Джанко заметно напрягся, наклонился вперед, уперев локти в колени и сложив ладони вместе, словно собирался молиться. Он опустил голову и закрыл глаза, а через пару секунд я ощутил… что-то, что очень трудно описать. Воздух в комнате изменился, несмотря на то, что остался прежним. Он словно наполнился маревом, которое можно наблюдать, бредя по дороге в знойный летний день. Все вокруг меня поплыло. Очертания предметов, которые мне удавалось разглядеть, стали искажаться в полумраке, при этом оставаясь вроде бы прежними, если не сосредотачивать на них внимание. Но стоило лишь сфокусировать на чем-то взгляд, и предмет вдруг размывался. Это походило даже не на какое-то физическое явление, а скорее, на головокружение. Но на том странные ощущения не заканчивались. По моему телу побежали мурашки, как бывает от прикосновения к оголенной коже прохладного ветерка, а все мысли захватило неясное чувство беспокойства. Не того беспокойства, которое одолевало меня все последнее время, и не того волнения, что вызывается страхом. Нет, это было что-то совсем иное, глубинное и совершенно неясное. Не беспокойство даже, а скорее некое предчувствие, словно подсознание пыталось сообщить мне что-то, для меня незримое. Все вокруг стало ощущаться нереальным, фальшивым. В конец запутавшись в собственных чувствах, я постарался перестать анализировать их и стал ждать развития событий.

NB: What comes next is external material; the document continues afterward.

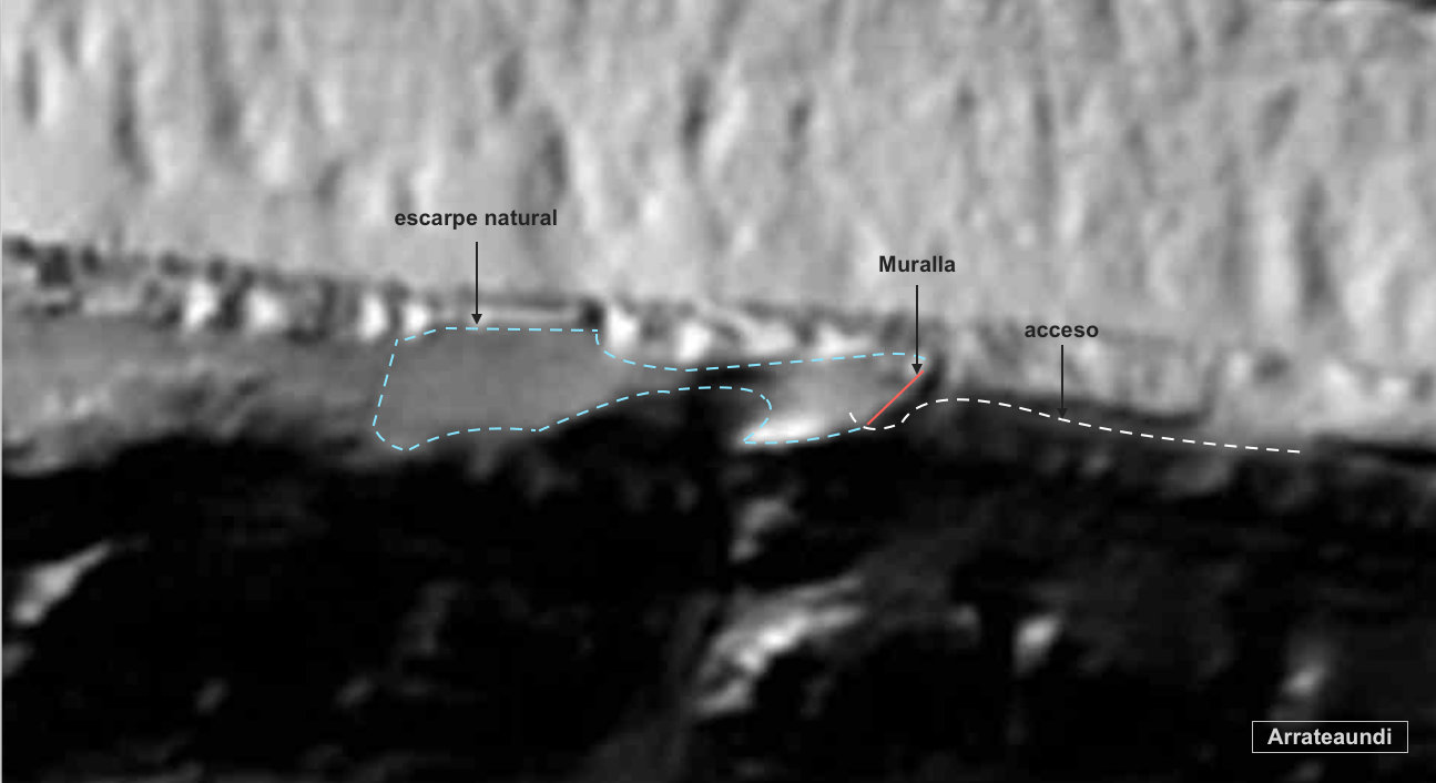 LOCALIZACIÓN Término municipal de Arakil Coordenadas ETRS-89, X: 588.398, Y: 4.754.159, Z: 796 TOPONIMIA Arrateaundi CONTEXTO PAISAJISTICO Asentamiento de altura en fuerte farallón calizo, orientado de Este a Oeste separado y paralelo a la sierra de Aralar, elevado unos 340 m sobre el valle y desde el que se domina todo el corredor del Arakil. Las vertientes Norte y sur la forman sendos escarpes muy difÃciles de escalar, el Oeste culmina en la cumbre de Madalen Haitz, hagiónimo que tiene que ver con los restos de una antigua ermita cercana bajo la advocación de La Magdalena. HISTORIOGRAFÃA Aparece en la obra de T. López Selles contribución a un catálogo de ermitas de Navarra, pág. 470 (14) como ermita de La Magdalena. DESCRIPCIÓN Al escoger el lugar para este asentamiento, buscaron sobre todo la seguridad y solo necesitaron un lienzo de 45 m de muralla el resto lo daban las condiciones naturales del enclave. Se cerraba el único paso al área habitada, con un muro orientado de Suroeste a Nordeste, de sillarejo en seco con calizas del lugar. El acceso lo realizarÃan desde el espolón Sureste al borde del acantilado que mira al valle. TIPOLOGÃA Núcleo de población Superficie fortificada: 15.000 m2 PerÃmetro fortificado: 750 m Eje máximo: 300 m Eje mÃnimo: 55 m CronologÃa: Hierro I-II Emplazamiento: Farallón rocoso USO DEL SUELO PolÃgono: 14; Parcela rústica: 274 (sub-parcela G) Grupo: Forestal no arbolado; Cobertura principal: Afloramientos rocosos y roquedo; Recinto 12936 Grupo: Frondosas; Cobertura principal: Hayas (Fagus sylvatica); Recinto 12790 INTERPRETACIÓN Y VALORACIÓN Como interpretación del significado de este poblado, podemos decir que es un ejemplo claro de refugio de altura, utilizando un enclave donde apenas necesitaba un trabajo moderado en la fortificación. Asà el espacio protegido que lograban era importante, aunque los condicionantes, de falta de agua y fuerte desnivel de 340 m, con relación a la base del valle, le dotaban de una incomodidad extrema, pero a la vez les facilitaba una gran seguridad con extenso dominio visual, incluso un cercano espacio económico seguro. Tampoco es casual el hallazgo de varias localizaciones en las cercanÃas, ante la hipótesis de la utilización de este tipo de castros como refugios de urgencia. Como tantos lugares habitados en la protohistoria lo encontramos cristianizado. MATERIALES 20 fragmentos de cerámica manufacturada, cocida en horno reductor, 4 fragmentos a torno, cocidos en horno oxidante, 19 pellas de barro, un fragmento de cerámica vidriada marrón de aspecto moderno, 2 lascas de sÃlex, 2 clavos de herradura y un fragmento de arenisca pulimentada. CONSERVACIÓN No apreciamos ningún afección que haya podido alterar su posible estratigrafÃa o estructuras, solo la vegetación y el tiempo transcurrido, lo que nos garantiza una buena conservación del yacimiento. CIRCUNSTANCIAS DEL HALLAZGO Prospección pedestre de Andoni Peña Lakunza, miembro de Ezpilleta Elkartea, en el contexto del poblamiento protohistórico vascón a la llegada de los romanos, el 17 de diciembre del 2013 BIBLIOGRAFÃA LÓPEZ SELLES T. 1975, Contribución a un catálogo de ermitas de Navarra, Cuadernos de EtnologÃa y etnografÃa de Navarra (CUET), 470 Los datos de esta ficha han sido facilitados por su descubridor

Яркий тоже заволновался, занервничал, но когда я крепче прижал его рукой, успокоился, словно получив от меня эмоциональный сигнал поступать точно так же, как и я. И он поступал. Сидел тихо у меня на коленях и прислушивался.

Скоро дверь открылась, впуская в фургон дрожащий свет костра, который тут же заполнил помещение пляшущими тенями.

– Там мы храним реквизит, – услышал я слова Ромула. – Сейчас там никого нет.

– Проверим, – сухо скомандовал Теодор Стрикс.

На пороге появился гвардеец и шагнул внутрь. За ним вошел второй, неся в руках масляный фонарь, а за ними ступил и сам Теодор. При виде этого человека все у меня внутри сжалось. Страх и гнев схлестнулись в моем сознании, разрывая его надвое. Один кричал, что нужно срочно бежать, разбить окно и броситься в поля. Другой – что нужно немедленно нажать на курок и убить этого монстра, пока он не убил меня. Но я не сделал ни того, ни другого, оставшись неподвижно сидеть, как и велел Джанко.

Дело в том, что помещение было совсем небольшим, а мы сидели хоть и чуть в стороне, все равно в прямой видимости для любого вошедшего, и никакая темнота не смогла бы нас скрыть. Первый же гвардеец должен был меня увидеть. Но он не увидел. Ни первый, ни второй, ни зашедший следом Теодор Стрикс. И в тот момент я абсолютно доверился Джанко. Я начал догадываться о том, что именно происходит.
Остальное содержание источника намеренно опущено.